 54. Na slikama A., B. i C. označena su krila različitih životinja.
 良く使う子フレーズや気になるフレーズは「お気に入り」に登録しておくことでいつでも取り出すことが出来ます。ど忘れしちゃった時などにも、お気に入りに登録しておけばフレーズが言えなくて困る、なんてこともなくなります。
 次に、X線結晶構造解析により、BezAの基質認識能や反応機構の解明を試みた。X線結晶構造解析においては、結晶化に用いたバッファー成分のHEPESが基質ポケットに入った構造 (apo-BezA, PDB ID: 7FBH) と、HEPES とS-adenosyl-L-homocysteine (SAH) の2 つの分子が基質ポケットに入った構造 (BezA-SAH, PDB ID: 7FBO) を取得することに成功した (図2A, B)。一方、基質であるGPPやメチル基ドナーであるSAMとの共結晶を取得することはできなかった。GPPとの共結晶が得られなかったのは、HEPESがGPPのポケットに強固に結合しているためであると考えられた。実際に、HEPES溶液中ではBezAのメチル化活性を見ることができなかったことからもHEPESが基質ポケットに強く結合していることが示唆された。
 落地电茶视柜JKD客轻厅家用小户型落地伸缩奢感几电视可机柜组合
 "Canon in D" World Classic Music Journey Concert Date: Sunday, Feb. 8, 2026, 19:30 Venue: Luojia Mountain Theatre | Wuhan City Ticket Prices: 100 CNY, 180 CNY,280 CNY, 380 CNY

=-=-=

Starting with the line that contains "PDB ID: 7FBH)", restate every line up to and including the last one above, exactly.

 次に、X線結晶構造解析により、BezAの基質認識能や反応機構の解明を試みた。X線結晶構造解析においては、結晶化に用いたバッファー成分のHEPESが基質ポケットに入った構造 (apo-BezA, PDB ID: 7FBH) と、HEPES とS-adenosyl-L-homocysteine (SAH) の2 つの分子が基質ポケットに入った構造 (BezA-SAH, PDB ID: 7FBO) を取得することに成功した (図2A, B)。一方、基質であるGPPやメチル基ドナーであるSAMとの共結晶を取得することはできなかった。GPPとの共結晶が得られなかったのは、HEPESがGPPのポケットに強固に結合しているためであると考えられた。実際に、HEPES溶液中ではBezAのメチル化活性を見ることができなかったことからもHEPESが基質ポケットに強く結合していることが示唆された。
 落地电茶视柜JKD客轻厅家用小户型落地伸缩奢感几电视可机柜组合
 "Canon in D" World Classic Music Journey Concert Date: Sunday, Feb. 8, 2026, 19:30 Venue: Luojia Mountain Theatre | Wuhan City Ticket Prices: 100 CNY, 180 CNY,280 CNY, 380 CNY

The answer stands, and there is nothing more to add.